__Input data__.
╭──

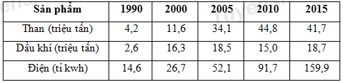 Cho bảng số liệu sau: SẢN LƯỢNG MỘT SỐ NGÀNH CÔNG NGHIỆP NƯỚC TA, GIAI ĐOẠN 1990 –
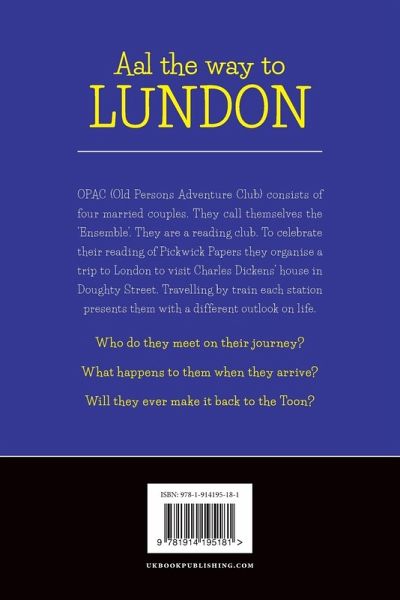 Eight Geordie pensioners unleashed in the Big Smoke... what could possibly go wrong? OPAC (Old Persons Adventure Club) consists of four married couples. They call themselves the 'Ensemble'. They are a reading club. To celebrate their reading of Pickwick Papers they organise a trip to London to visit Charles Dickens' house in Doughty Street. Travelling by train each station presents then with a different outlook on life. In their younger days they did sterling work in science and technology. One of them is a knight of the realm. To those familiar with their different areas of expertise they are minor celebrities. Who do they meet on their journey? What happens to them when they arrive? Will they ever make it back to the Toon? This book will tickle your ribs and break your heart strings.
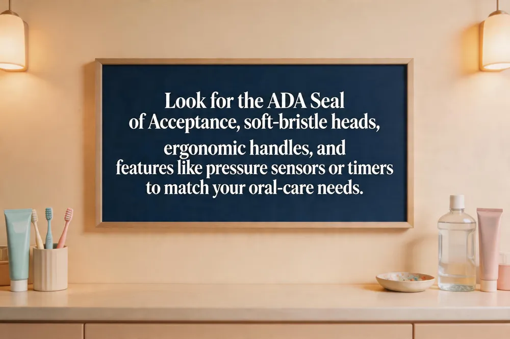 The American Dental Association (ADA) Seal of Acceptance guarantees that a toothbrush meets strict safety and efficacy standards; popular ADA‑approved electric models include the Oral‑B iO Series 5 and Series 2, while manual favorites are the Oral‑B Vivid Whitening and Colgate Extra Clean Soft‑Bristle brushes. Consumer Reports’ 2026 review highlights the Philips Sonicare DiamondClean Smart 9300 for overall cleaning power, the Oral‑B iO Series 2 for pressure‑sensor protection of sensitive gums, and the budget‑friendly AquaSonic Black Series SCTB. The Colgate Keep Deep Clean manual brush adds a lightweight aluminum handle, Floss‑Tip bristles that reach four times deeper, and a replaceable head that cuts plastic waste by 80 %. For a brighter smile, the Colgate Max White toothbrush uses polishing‑star bristles that lift surface stains while remaining soft on gums. Dentists consistently recommend manual brushes with soft or extra‑soft bristles, a small ergonomic head, and regular replacement every three months—top clinician picks include the Radius Source vegetable‑nylon brush, Oral‑B Cross Action, and Colgate Extra Clean. Pair any of these brushes with gentle 45‑degree‑angle strokes, a two‑minute timer, and fluoride toothpaste for optimal oral health.
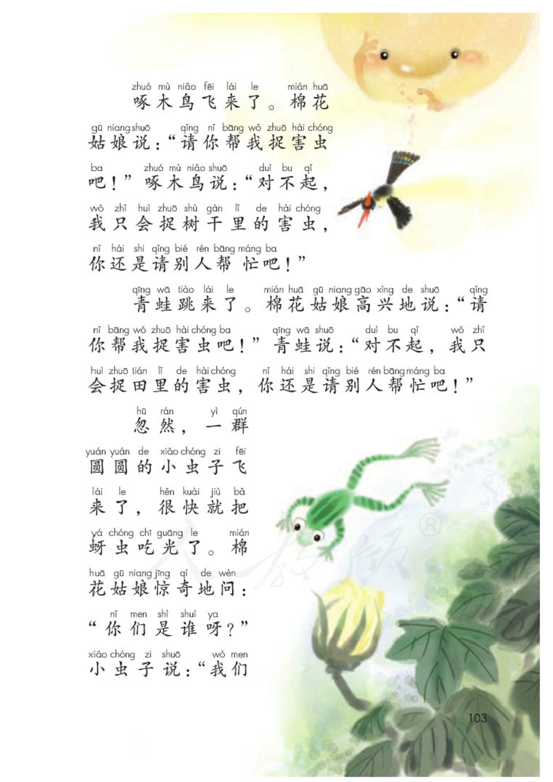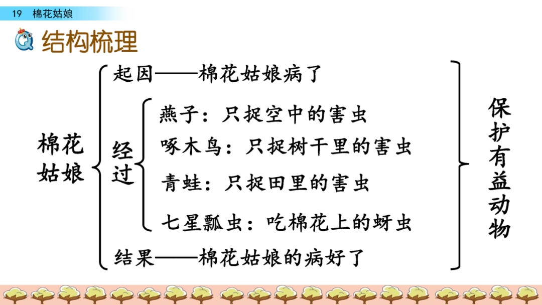 《棉花姑娘》是一篇童话,寓生物常识于形象的故事之中。课文通过棉花姑娘请求燕子、啄木鸟等的动物医生给自己治病的故事,告诉我们燕子、啄木鸟、青蛙和七星瓢虫分别吃什么害虫的科学常识。 通过学习使我们对科学常识产生浓厚的兴趣,培养了学生留心观察、探索和发现身边的科学常识的能力。树立保护益虫和益鸟的意识。
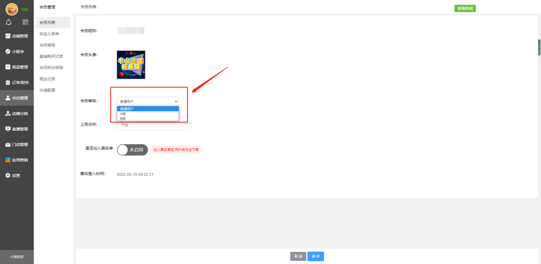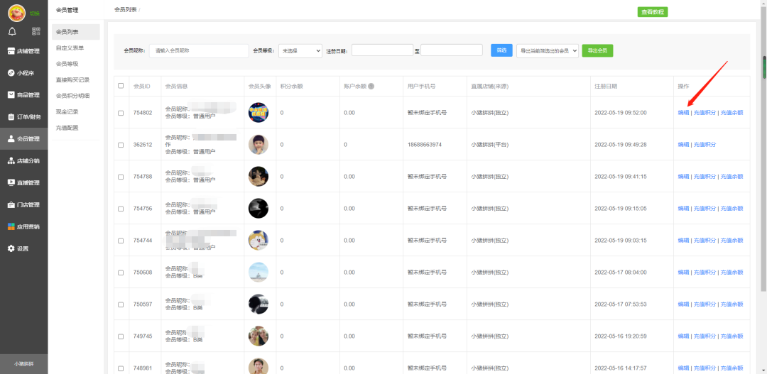 会员管理-会员列表,找到需要设置会员等级的用户,点击编辑。

╰──

__Your goal__. Give again, exactly, the lines from the start of the data through the one holding "Eight Geordie pensioners"; omit the pictures.

__Reply__.
 Cho bảng số liệu sau: SẢN LƯỢNG MỘT SỐ NGÀNH CÔNG NGHIỆP NƯỚC TA, GIAI ĐOẠN 1990 –
 Eight Geordie pensioners unleashed in the Big Smoke... what could possibly go wrong? OPAC (Old Persons Adventure Club) consists of four married couples. They call themselves the 'Ensemble'. They are a reading club. To celebrate their reading of Pickwick Papers they organise a trip to London to visit Charles Dickens' house in Doughty Street. Travelling by train each station presents then with a different outlook on life. In their younger days they did sterling work in science and technology. One of them is a knight of the realm. To those familiar with their different areas of expertise they are minor celebrities. Who do they meet on their journey? What happens to them when they arrive? Will they ever make it back to the Toon? This book will tickle your ribs and break your heart strings.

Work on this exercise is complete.